Task statement → Starting at the first line and ending at the one with "中勘广场・紫勋雍邸已售完1-A户型 3室2厅1卫1厨", give the lines of the listing again exactly, and nothing else; skip the pictures.

▬▬▬▬▬▬

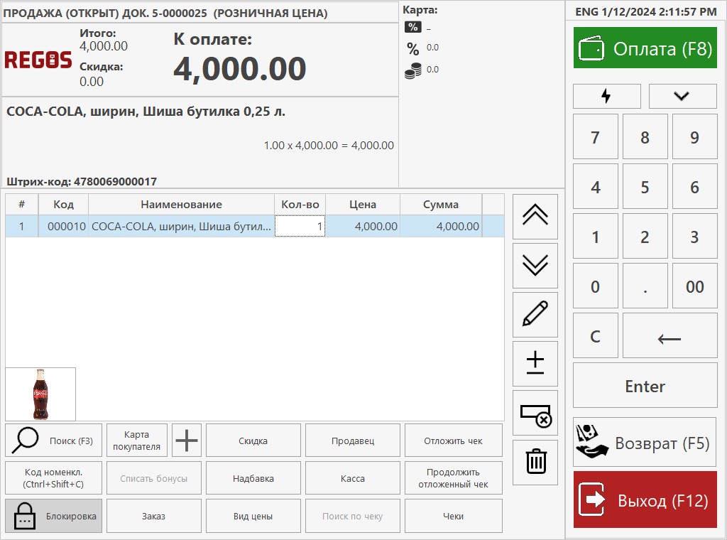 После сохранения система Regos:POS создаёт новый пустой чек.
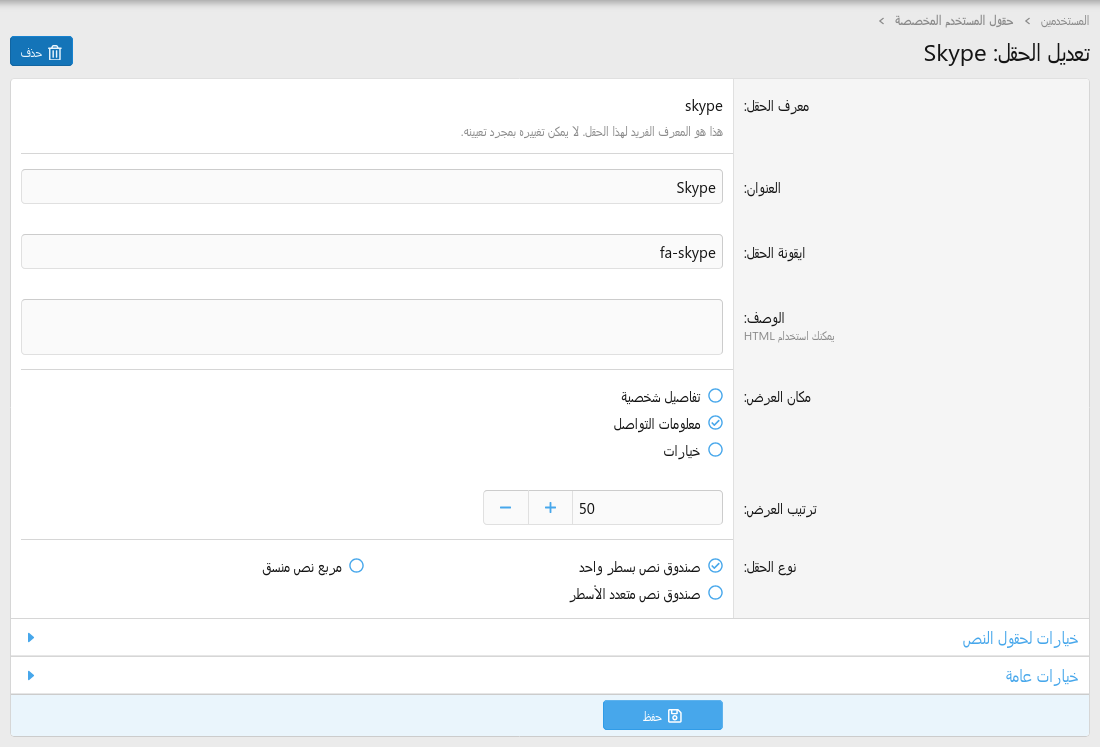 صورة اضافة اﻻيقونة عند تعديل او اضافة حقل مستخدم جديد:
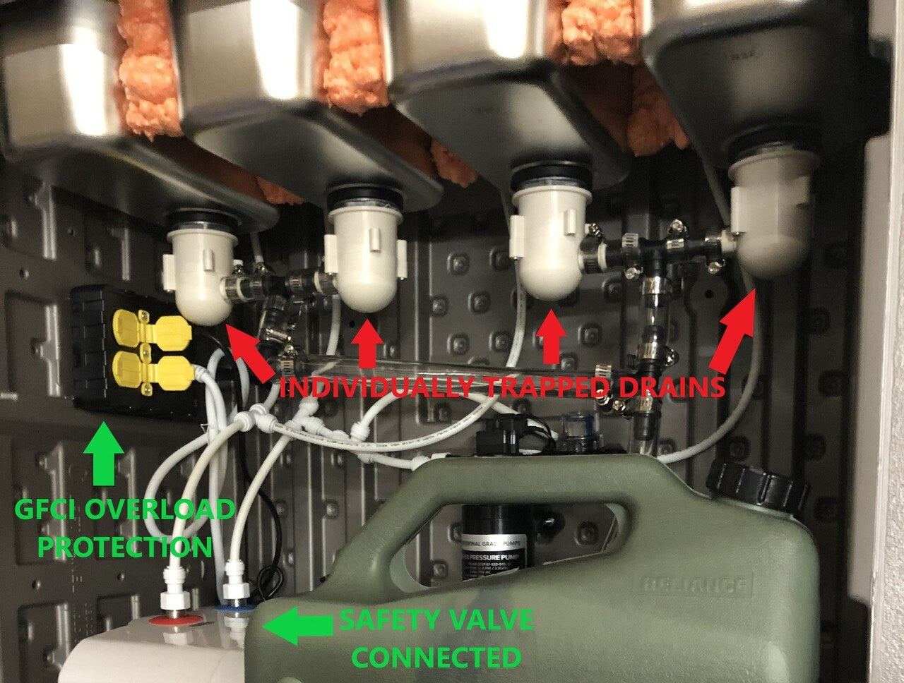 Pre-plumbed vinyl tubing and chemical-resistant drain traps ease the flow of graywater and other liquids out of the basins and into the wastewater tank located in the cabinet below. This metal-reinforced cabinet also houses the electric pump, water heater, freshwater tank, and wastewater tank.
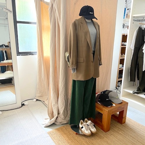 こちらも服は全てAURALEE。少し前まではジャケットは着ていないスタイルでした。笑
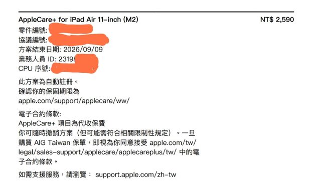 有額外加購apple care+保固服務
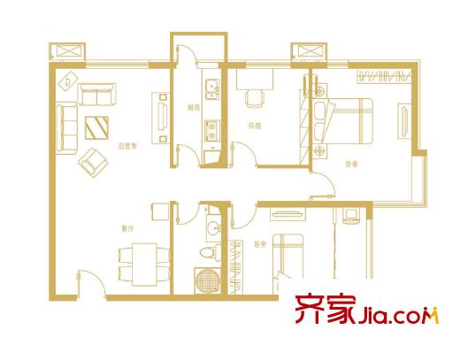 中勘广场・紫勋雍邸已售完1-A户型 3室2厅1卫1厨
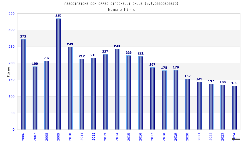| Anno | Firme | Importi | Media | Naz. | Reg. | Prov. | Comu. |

▬▬▬▬▬▬

Written reply →
 После сохранения система Regos:POS создаёт новый пустой чек.
 صورة اضافة اﻻيقونة عند تعديل او اضافة حقل مستخدم جديد:
 Pre-plumbed vinyl tubing and chemical-resistant drain traps ease the flow of graywater and other liquids out of the basins and into the wastewater tank located in the cabinet below. This metal-reinforced cabinet also houses the electric pump, water heater, freshwater tank, and wastewater tank.
 こちらも服は全てAURALEE。少し前まではジャケットは着ていないスタイルでした。笑
 有額外加購apple care+保固服務
 中勘广场・紫勋雍邸已售完1-A户型 3室2厅1卫1厨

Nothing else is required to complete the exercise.